#### [Activity]
The line containing "常用的高反压开关二极管有RL" marks the start of the required copy, which runs to the final line of the entries; return those lines exactly, without any pictures.

#### [Raw data]
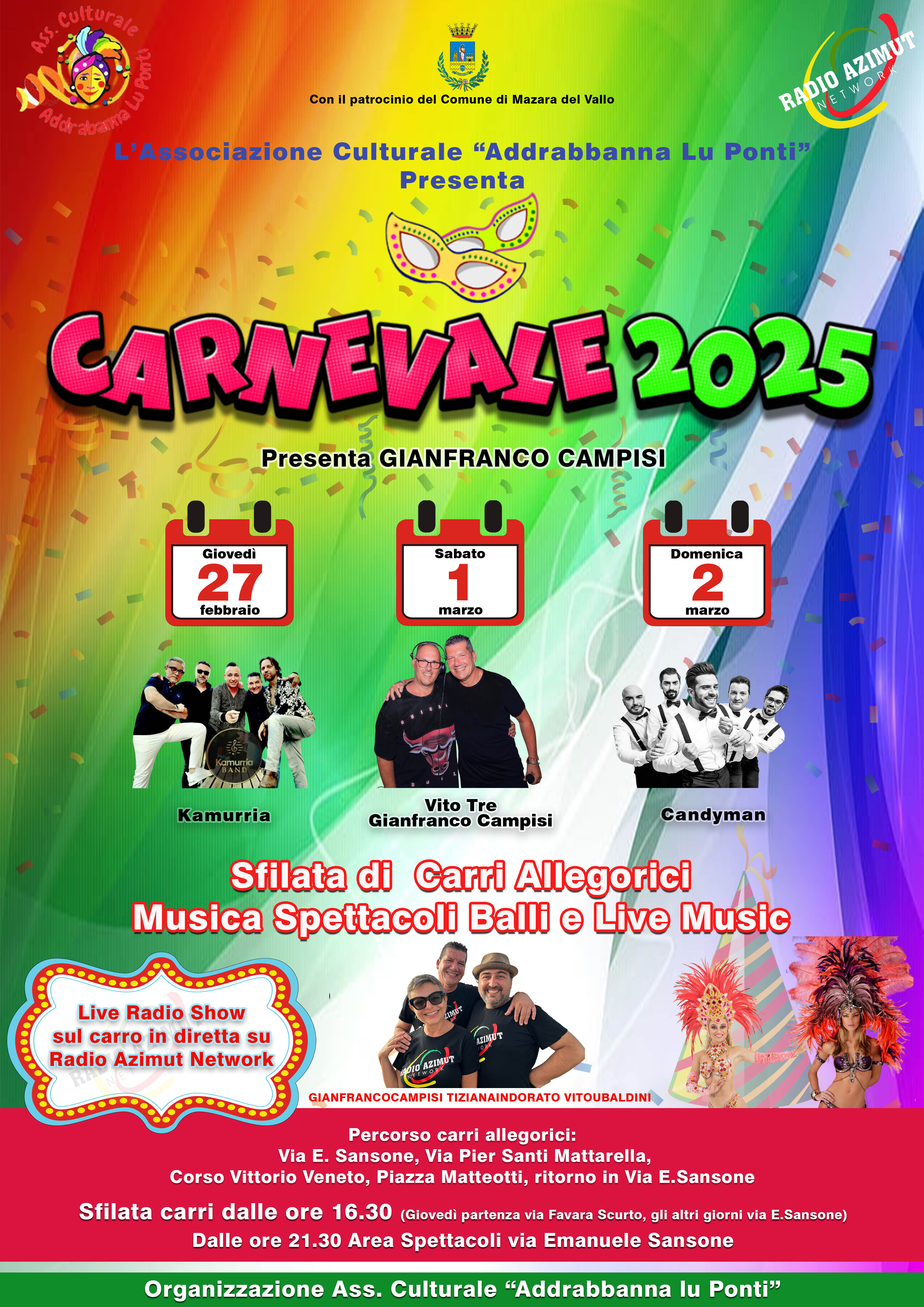 📅 Calendario eventi di Mazara: 27 febbraio: Partenza sfilata alle 16:30 da Via Favara Scurto; 1 e 2 marzo: Partenza sfilata alle 16:30 da Via Emanuele Sansone; Spettacoli serali: 27 febbraio: Concerto del gruppo Kamurria; 1 marzo: DJ set con Vito Tre e Gianfranco Campisi; 2 marzo: Concerto dei Candymen.
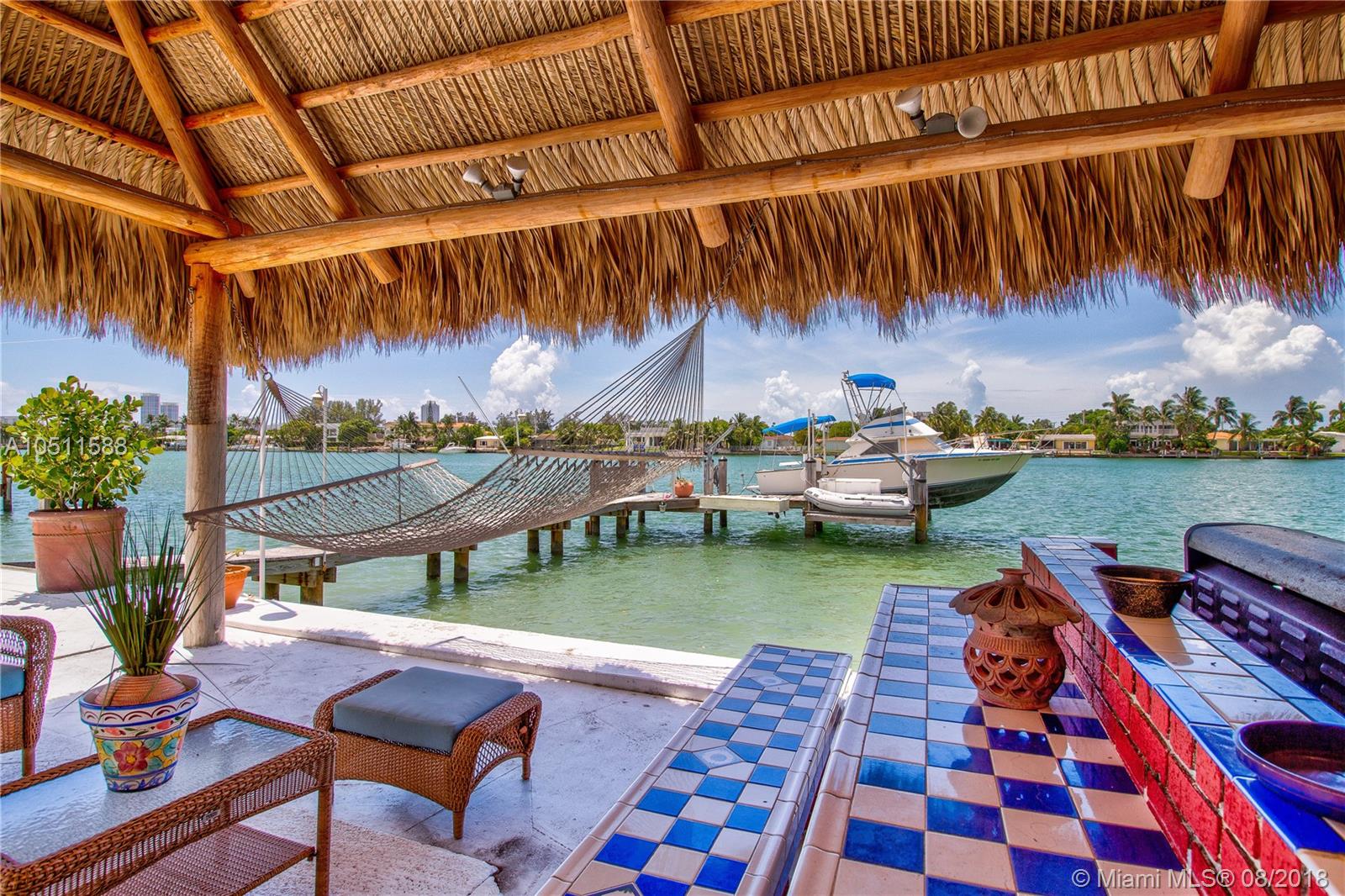Wide Bay Beauty on Biscayne Point; most sought after island on Miami Beach! 3407 square feet of relaxing tropical living, complete with pool, Tiki Hut, dock and boat lift. Southern views of bay and intracoastal, allow you to enjoy sunsets from your back yard. The entire property is gated, private and beautifully landscaped. Gourmet kitchen complete with gas stove and anything a skilled chef might desire. Biscayne Point is a gated private island just 8 blocks from the ocean and minutes to Haulouver cut by boat. This incredible island is centrally located between South Beach and Bal Harbour. The 16,000 lb. boat lift is currently occupied by a 1968 Bertram 28 ft. Classic that could be purchased separately. Call Victoria Federici for a private showing today!
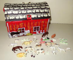barn is 10"x8", wood barn, mostly plastic animals, nice condition
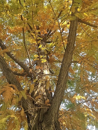 水杉,裸子杉科植物,落葉喬木,是中國特產的珍稀古老孑遺植物,被譽為“植物屆大熊貓”。水杉是我校良鄉校區的特色樹木,主要種植于良鄉校區文二樓到求知廣場水池邊,共計47棵。凡見過水杉的人,大抵沒有不喜愛它的。它的姿態極美,形若寶塔,亭亭秀麗,樹葉宛如羽毛,夏季碧綠蔥蘢,每逢秋季,樹葉先變黃,后變棕紅,隨之落葉。學校的水杉大多臨湖而生,秋色漸染的水杉倒影在波光粼粼的湖水中,仿佛一幅希施金的油畫。
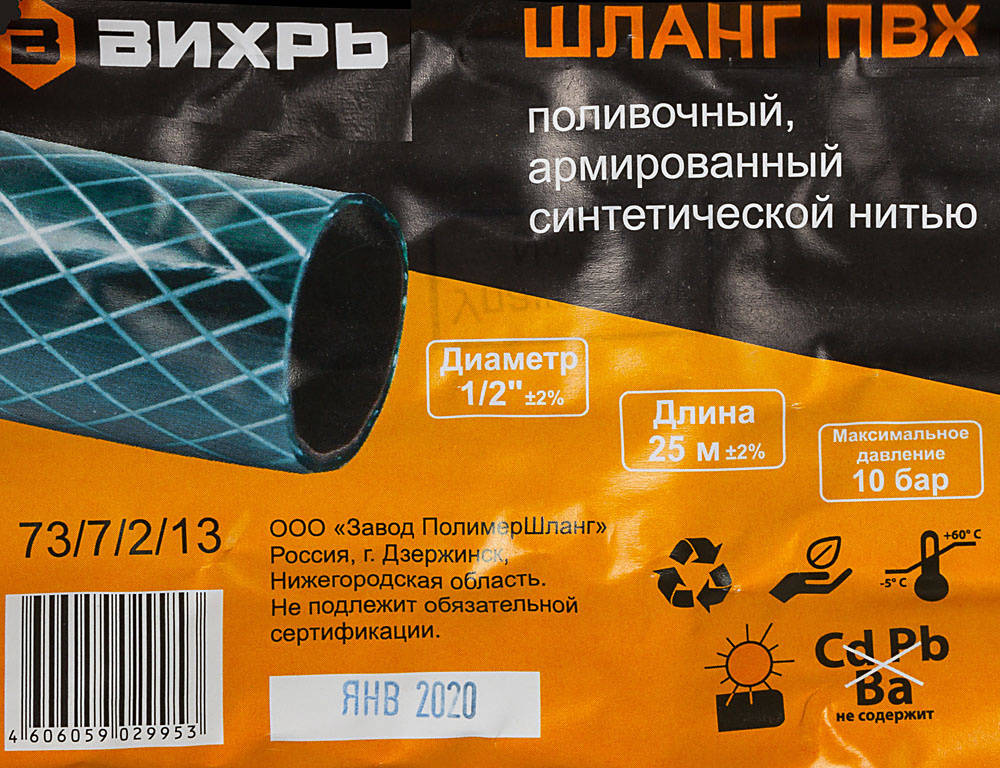 Поливочное оборудование ВИХРЬ Шланг 73/7/2/13 1/2" 25м поливочный армированный зеленый
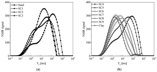 The T2 distribution curves of 11 saturated soil samples are shown in Figure 3. It can be seen from Figure 3 that with the increase in the fines content, the T2 distribution curve first moves to the right and then gradually moves to the left. To clarify the above trend more clearly, the experimental results in Figure 3 were redrawn at different fine-grained contents in Figure 4, where Figure 4a shows the T2 distribution curve under low fines content (fines content increases from 0 to 30%), and Figure 4b shows the T2 distribution curve under high fines content (fines content increases from 40 to 100%). From Figure 4a, the T2 distribution curve of pure sand has only one single peak, and the pore size distribution is relatively narrow. With the increase in fines content, the corresponding signals of smaller T2 values (in the range of 0.1–1 ms) increase, and at the same time, the maximum T2 value increases (gradually from 200 ms of sand), that is, the horizontal range of the T2 distribution expands, the vertical range decreases, and the curve becomes wider and shorter. The curve gradually changes from a single peak to a double peak and reaches the maximum width when the fines content increases to 30%. When the fines content exceeds 30% (Figure 4b), the T2 distribution curve moves to the left, the maximum T2 value decreases, and the signals of smaller T2 values increase further, making the curve narrower. The T2 distribution gradually changes from a double peak to a single peak. When the fine-grained content reaches 100% or clay, the T2 distribution is the narrowest.
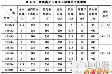 常用的高反压开关二极管有RLS系列(表面封装)和1SS系列(有引线塑封),其主要参数见表4-14。
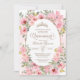 Quinceañera Einladung mit Blume in Rosa Blush und einem Mädchen in einem schönen passenden Kleid. Karo den Shop für diese Einladung mit Mädchen in verschiedenen Haarfarben und Hautfarben und mehr Variationen.
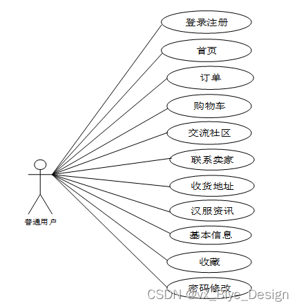 通过2.3功能的分析,得出了本Springboot汉服销售系统小程序的用例图:
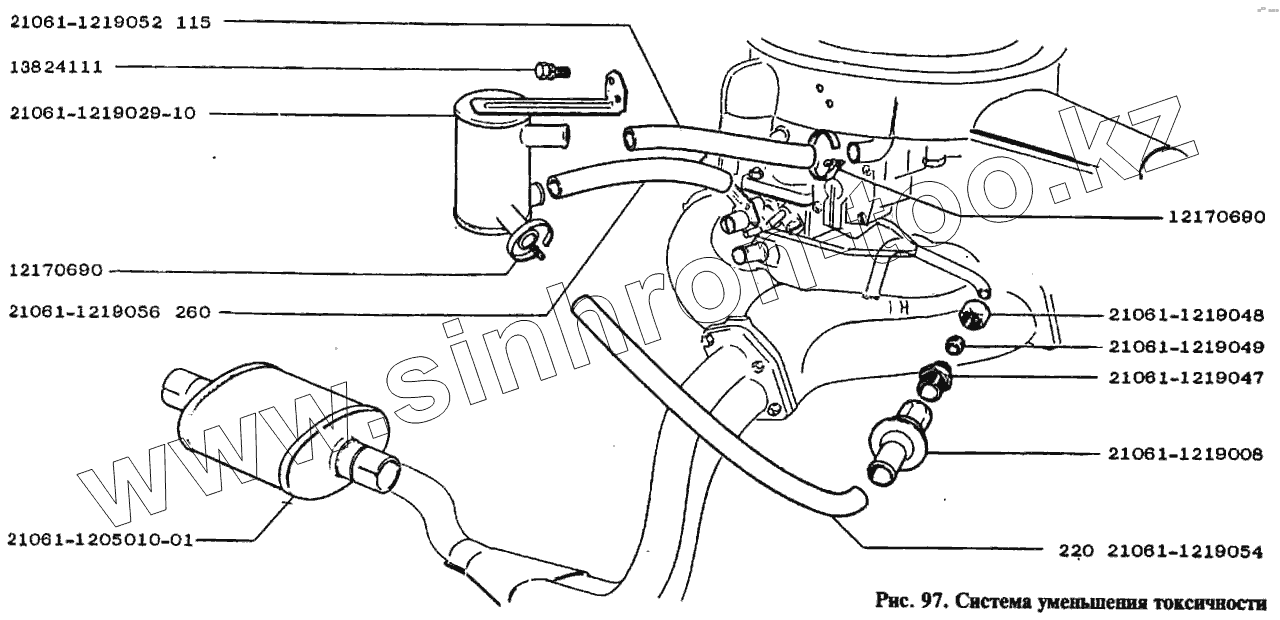 Каталог запасных частей к технике: ВАЗ-2105. Система уменьшения токсичности

#### [Your solution]
 常用的高反压开关二极管有RLS系列(表面封装)和1SS系列(有引线塑封),其主要参数见表4-14。
 Quinceañera Einladung mit Blume in Rosa Blush und einem Mädchen in einem schönen passenden Kleid. Karo den Shop für diese Einladung mit Mädchen in verschiedenen Haarfarben und Hautfarben und mehr Variationen.
 通过2.3功能的分析,得出了本Springboot汉服销售系统小程序的用例图:
 Каталог запасных частей к технике: ВАЗ-2105. Система уменьшения токсичности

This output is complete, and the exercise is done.